When you ran the curl command:
curl -v localhost:4001/spiders/Esl/schedule
Crawly runs a spider ESL, Crawly looked for a Spider definition inside it and ran it through its crawler engine.
The crawl started by making requests to the URLs defined in the start_urls attribute of the spider's init, and called the default callback method parse_item
, passing the response object as an argument.
In the parse callback, we loop:
- Look through all pagination the elements using a Floki Selector and extract absolute URLs to follow. URLS are converted into Requests, using
Crawly.Utils.request_from_url()
function - Extract item(s) (items are defined in separate modules, and this part will be covered later on)
- Return a Crawly.ParsedItem structure which is containing new requests to follow and items extracted from the given page, all following requests are going to be processed by the same
parse_item
function.
Crawly is fully asynchronous. Once the requests are scheduled, they are picked up by separate workers and are executed in parallel. This also means that other requests can keep going even if some request fails or an error happens while handling it.

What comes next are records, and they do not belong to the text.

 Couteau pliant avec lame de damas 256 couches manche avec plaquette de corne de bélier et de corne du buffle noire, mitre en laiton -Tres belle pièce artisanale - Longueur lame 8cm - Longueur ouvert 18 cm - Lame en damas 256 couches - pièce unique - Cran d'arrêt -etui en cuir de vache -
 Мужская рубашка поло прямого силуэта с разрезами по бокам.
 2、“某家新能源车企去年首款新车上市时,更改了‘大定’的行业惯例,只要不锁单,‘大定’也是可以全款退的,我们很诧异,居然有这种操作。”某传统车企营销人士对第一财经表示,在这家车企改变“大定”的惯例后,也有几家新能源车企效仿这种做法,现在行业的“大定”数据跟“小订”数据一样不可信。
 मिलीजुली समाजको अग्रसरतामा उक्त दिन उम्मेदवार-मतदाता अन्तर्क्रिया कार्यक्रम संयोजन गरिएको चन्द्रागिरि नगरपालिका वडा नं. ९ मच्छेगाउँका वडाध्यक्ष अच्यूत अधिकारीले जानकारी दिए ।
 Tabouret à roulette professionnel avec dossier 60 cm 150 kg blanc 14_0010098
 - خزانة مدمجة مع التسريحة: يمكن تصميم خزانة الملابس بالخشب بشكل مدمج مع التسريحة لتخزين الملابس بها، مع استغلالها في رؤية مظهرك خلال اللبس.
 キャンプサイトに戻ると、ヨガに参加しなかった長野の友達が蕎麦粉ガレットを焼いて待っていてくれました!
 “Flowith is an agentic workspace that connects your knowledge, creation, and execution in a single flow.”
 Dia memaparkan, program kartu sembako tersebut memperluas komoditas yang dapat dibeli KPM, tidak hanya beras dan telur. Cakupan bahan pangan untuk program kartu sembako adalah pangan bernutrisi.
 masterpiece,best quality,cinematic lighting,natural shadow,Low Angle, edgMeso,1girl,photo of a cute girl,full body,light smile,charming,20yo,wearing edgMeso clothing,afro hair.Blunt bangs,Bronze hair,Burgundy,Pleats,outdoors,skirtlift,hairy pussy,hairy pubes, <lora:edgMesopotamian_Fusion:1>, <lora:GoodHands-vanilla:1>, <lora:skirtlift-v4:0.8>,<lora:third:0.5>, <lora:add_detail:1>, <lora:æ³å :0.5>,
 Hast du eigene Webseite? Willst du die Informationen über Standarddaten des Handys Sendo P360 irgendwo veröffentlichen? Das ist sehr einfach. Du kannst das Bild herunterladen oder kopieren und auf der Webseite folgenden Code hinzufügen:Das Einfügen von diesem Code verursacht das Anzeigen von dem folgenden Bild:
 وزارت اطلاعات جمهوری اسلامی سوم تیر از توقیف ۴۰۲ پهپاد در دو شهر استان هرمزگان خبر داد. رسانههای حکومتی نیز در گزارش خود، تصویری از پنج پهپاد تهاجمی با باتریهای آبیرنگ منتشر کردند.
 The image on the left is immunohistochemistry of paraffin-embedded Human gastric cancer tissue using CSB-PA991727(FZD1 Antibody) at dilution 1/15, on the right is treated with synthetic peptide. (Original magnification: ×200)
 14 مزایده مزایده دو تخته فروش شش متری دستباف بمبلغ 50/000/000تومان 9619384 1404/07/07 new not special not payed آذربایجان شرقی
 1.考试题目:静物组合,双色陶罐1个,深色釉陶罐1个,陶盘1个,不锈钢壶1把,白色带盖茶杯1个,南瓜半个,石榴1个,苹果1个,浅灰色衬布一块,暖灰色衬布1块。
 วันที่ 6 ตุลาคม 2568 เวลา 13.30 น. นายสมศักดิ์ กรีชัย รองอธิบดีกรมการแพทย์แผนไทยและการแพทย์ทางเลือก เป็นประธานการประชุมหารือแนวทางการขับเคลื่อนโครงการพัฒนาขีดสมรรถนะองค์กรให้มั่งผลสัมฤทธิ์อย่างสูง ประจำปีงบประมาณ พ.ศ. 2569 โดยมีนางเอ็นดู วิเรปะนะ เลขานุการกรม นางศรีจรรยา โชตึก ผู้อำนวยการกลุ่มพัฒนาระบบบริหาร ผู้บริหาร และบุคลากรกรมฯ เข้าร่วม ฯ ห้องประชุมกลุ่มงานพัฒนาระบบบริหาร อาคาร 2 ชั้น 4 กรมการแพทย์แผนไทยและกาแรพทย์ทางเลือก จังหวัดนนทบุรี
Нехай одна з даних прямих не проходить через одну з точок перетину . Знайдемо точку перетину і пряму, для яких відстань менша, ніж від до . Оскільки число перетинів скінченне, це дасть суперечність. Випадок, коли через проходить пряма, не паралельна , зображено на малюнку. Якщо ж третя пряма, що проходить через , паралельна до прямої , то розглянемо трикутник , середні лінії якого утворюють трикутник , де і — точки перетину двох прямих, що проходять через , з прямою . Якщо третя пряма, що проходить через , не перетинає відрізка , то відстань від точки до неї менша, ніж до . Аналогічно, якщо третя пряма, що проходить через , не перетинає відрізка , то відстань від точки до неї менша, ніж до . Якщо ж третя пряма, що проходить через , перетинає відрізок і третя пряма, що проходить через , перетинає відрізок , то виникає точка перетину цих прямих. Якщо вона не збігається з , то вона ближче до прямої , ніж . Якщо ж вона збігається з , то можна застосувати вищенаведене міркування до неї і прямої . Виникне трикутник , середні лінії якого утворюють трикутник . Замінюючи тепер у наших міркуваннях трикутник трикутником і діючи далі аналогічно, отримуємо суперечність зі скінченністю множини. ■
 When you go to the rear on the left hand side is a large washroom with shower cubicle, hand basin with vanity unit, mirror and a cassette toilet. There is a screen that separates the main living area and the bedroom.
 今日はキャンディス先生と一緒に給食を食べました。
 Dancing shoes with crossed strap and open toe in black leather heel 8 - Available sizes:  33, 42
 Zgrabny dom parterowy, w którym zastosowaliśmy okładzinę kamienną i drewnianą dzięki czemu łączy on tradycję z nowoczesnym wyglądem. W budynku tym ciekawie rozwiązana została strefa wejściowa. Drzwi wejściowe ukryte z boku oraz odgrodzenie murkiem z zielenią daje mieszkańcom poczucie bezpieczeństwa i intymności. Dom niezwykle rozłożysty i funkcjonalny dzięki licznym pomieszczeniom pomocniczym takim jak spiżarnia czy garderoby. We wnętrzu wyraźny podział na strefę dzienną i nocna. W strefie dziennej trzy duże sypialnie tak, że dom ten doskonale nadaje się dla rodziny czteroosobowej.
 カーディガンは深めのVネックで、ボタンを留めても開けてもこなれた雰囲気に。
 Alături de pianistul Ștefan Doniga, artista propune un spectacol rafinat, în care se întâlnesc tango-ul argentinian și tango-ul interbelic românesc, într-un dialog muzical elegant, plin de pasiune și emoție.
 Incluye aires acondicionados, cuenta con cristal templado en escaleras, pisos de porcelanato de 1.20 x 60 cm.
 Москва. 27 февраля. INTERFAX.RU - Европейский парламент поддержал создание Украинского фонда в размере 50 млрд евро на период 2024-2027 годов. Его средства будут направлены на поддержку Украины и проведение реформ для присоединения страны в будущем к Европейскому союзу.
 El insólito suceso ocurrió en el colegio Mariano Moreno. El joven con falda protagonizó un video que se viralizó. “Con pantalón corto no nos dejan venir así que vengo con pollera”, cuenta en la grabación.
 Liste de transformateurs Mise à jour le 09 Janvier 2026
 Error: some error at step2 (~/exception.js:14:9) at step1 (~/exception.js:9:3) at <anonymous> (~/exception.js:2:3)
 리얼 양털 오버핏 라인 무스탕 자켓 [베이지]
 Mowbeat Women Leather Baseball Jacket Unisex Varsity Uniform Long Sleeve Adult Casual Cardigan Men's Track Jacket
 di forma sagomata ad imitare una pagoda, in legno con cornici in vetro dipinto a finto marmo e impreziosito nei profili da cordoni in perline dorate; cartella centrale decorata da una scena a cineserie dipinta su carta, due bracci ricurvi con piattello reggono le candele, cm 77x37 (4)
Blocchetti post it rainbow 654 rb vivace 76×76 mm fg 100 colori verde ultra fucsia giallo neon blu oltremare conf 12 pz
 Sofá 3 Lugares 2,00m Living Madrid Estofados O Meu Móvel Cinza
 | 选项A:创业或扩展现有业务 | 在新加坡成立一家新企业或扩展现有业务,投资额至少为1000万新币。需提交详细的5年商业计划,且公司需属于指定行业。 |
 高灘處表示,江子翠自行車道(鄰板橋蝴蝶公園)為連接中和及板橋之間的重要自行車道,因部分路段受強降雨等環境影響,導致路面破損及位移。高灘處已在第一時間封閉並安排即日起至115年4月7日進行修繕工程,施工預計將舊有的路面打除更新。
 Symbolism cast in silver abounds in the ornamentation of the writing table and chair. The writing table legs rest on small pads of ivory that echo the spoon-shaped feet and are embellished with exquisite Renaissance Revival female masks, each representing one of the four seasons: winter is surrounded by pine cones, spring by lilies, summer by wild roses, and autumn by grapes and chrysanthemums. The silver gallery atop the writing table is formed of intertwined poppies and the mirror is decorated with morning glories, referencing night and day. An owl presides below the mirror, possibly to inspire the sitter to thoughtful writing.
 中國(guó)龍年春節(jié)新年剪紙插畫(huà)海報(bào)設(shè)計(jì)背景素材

While this enables you to do very fast crawls (sending multiple concurrent requests at the same time, in a fault-tolerant way) Crawly also gives you control over the politeness of the crawl through a few settings. You can do things like setting a download delay between each request, limiting the amount of concurrent requests per domain or respecting robots.txt rules
This is using JSON export to generate the JSON lines file, but you can easily extend it to change the export format (XML or CSV, for example).
What else?
You’ve seen how to extract and store items from a website using Crawly, but this is just a basic example. Crawly provides a lot of powerful features for making scraping easy and efficient, such as:
- Flexible request spoofing (for example user-agents rotation, cookies management (this feature is planned.))
- Items validation, using pipelines approach.
- Filtering already seen requests and items.
- Filter out all requests which targeted at other domains.
- Robots.txt enforcement.
- Concurrency control.
- HTTP API for controlling crawlers.
- Interactive console, which allows you to create and debug spiders more easily.